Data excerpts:
◇ ◇ ◇ ◇

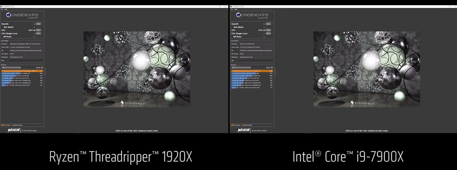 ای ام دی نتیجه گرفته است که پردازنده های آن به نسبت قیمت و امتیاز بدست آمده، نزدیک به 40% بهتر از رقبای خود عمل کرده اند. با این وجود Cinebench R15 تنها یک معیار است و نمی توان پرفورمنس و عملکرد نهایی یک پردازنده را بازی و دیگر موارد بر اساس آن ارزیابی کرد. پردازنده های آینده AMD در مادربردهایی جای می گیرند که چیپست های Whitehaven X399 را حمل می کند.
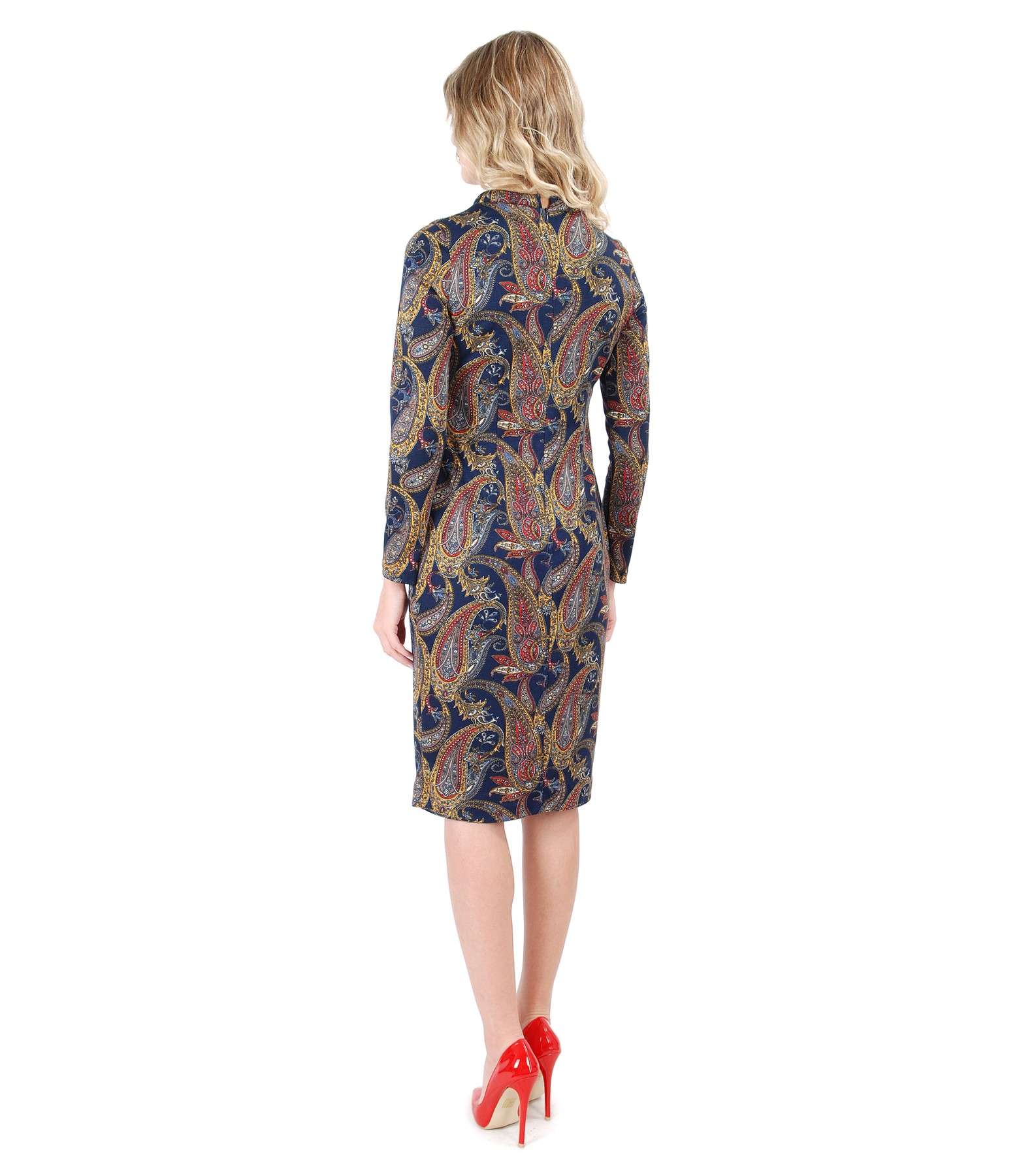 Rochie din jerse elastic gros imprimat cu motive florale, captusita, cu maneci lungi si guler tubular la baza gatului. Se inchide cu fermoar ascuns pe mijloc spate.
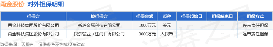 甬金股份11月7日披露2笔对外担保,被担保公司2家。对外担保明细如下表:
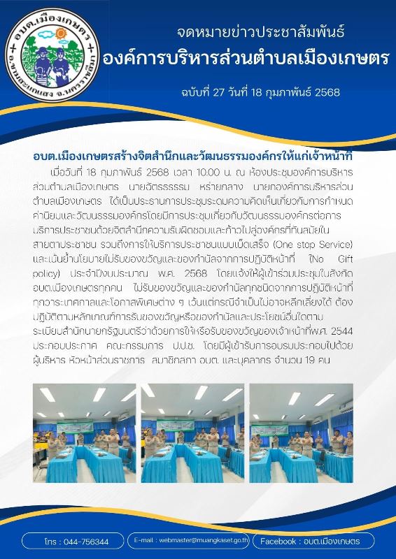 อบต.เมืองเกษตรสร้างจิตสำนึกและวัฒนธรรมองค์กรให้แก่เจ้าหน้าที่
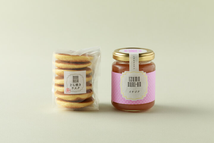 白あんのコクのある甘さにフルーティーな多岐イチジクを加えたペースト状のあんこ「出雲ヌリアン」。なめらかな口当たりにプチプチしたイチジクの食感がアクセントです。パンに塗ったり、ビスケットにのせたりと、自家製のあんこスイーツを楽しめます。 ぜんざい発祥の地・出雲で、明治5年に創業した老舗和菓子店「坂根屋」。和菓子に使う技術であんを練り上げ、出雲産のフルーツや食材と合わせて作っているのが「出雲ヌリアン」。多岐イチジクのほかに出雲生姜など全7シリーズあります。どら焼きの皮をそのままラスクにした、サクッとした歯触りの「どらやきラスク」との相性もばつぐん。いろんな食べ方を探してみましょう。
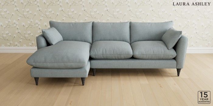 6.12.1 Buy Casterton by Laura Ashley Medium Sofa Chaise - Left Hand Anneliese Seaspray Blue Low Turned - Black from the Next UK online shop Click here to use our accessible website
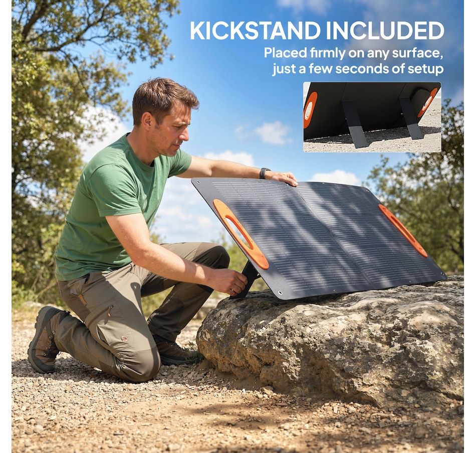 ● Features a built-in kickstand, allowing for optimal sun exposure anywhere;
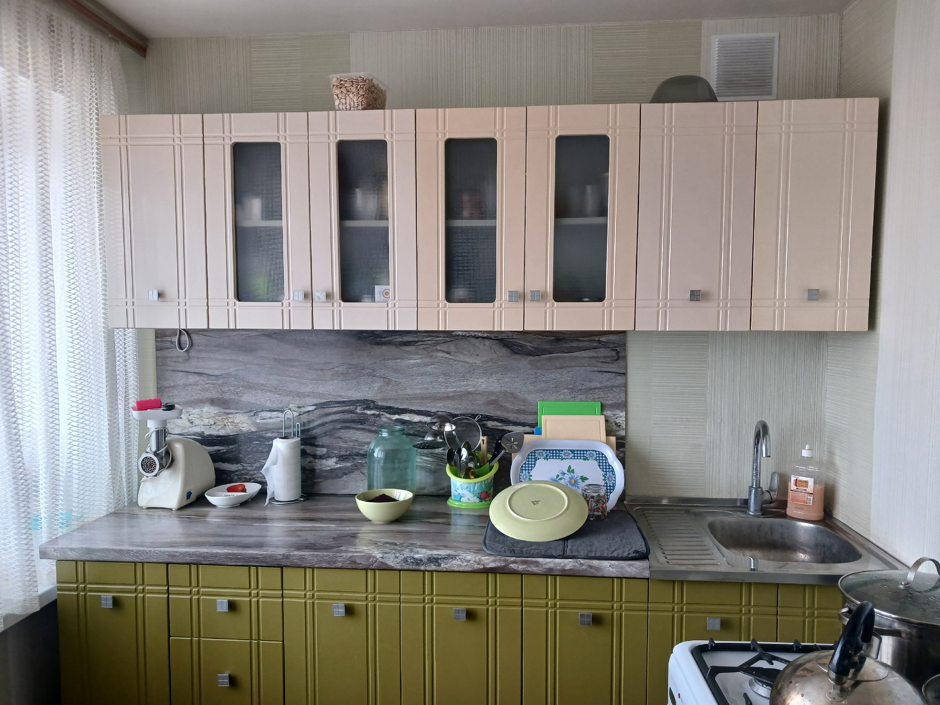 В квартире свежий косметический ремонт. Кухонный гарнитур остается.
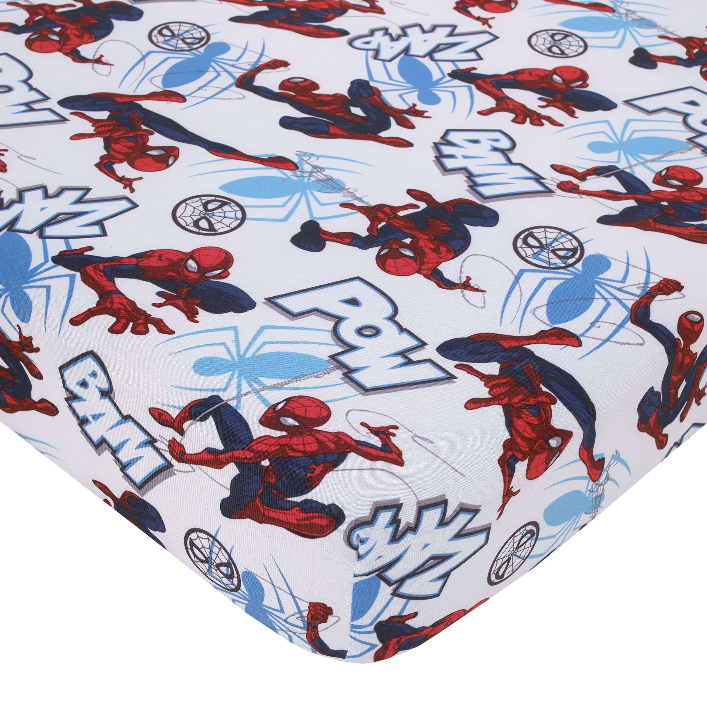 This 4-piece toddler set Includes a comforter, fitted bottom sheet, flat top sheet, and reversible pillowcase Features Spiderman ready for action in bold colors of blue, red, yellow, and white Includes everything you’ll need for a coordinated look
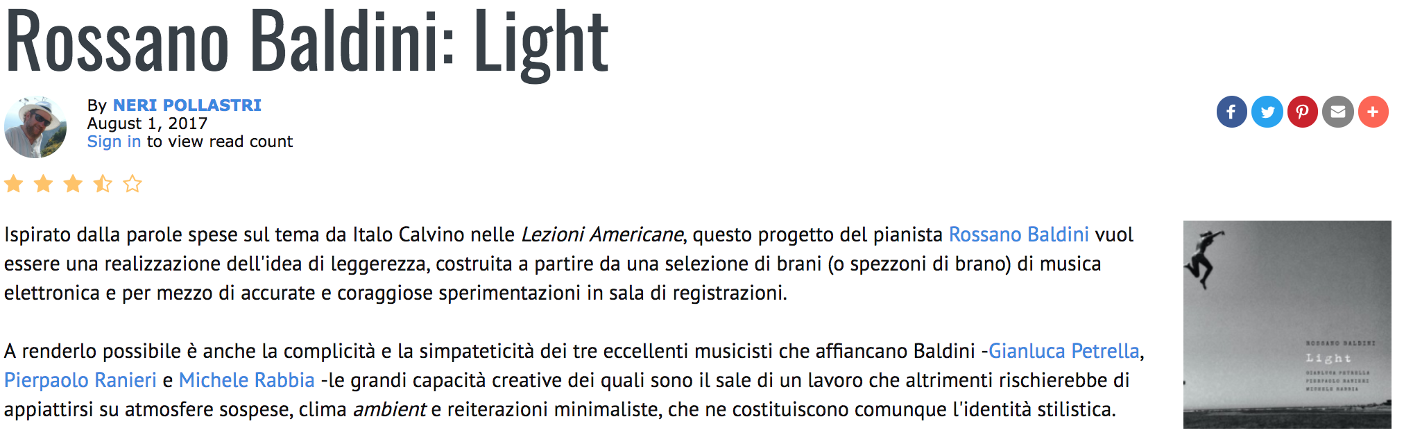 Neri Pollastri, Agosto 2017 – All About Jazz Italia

◇ ◇ ◇ ◇

The line containing "This 4-piece toddler" marks the start: set down exactly that line and every line after it through the last line of the data, without any pictures.

• _ANSWER SECTION_
 This 4-piece toddler set Includes a comforter, fitted bottom sheet, flat top sheet, and reversible pillowcase Features Spiderman ready for action in bold colors of blue, red, yellow, and white Includes everything you’ll need for a coordinated look
 Neri Pollastri, Agosto 2017 – All About Jazz Italia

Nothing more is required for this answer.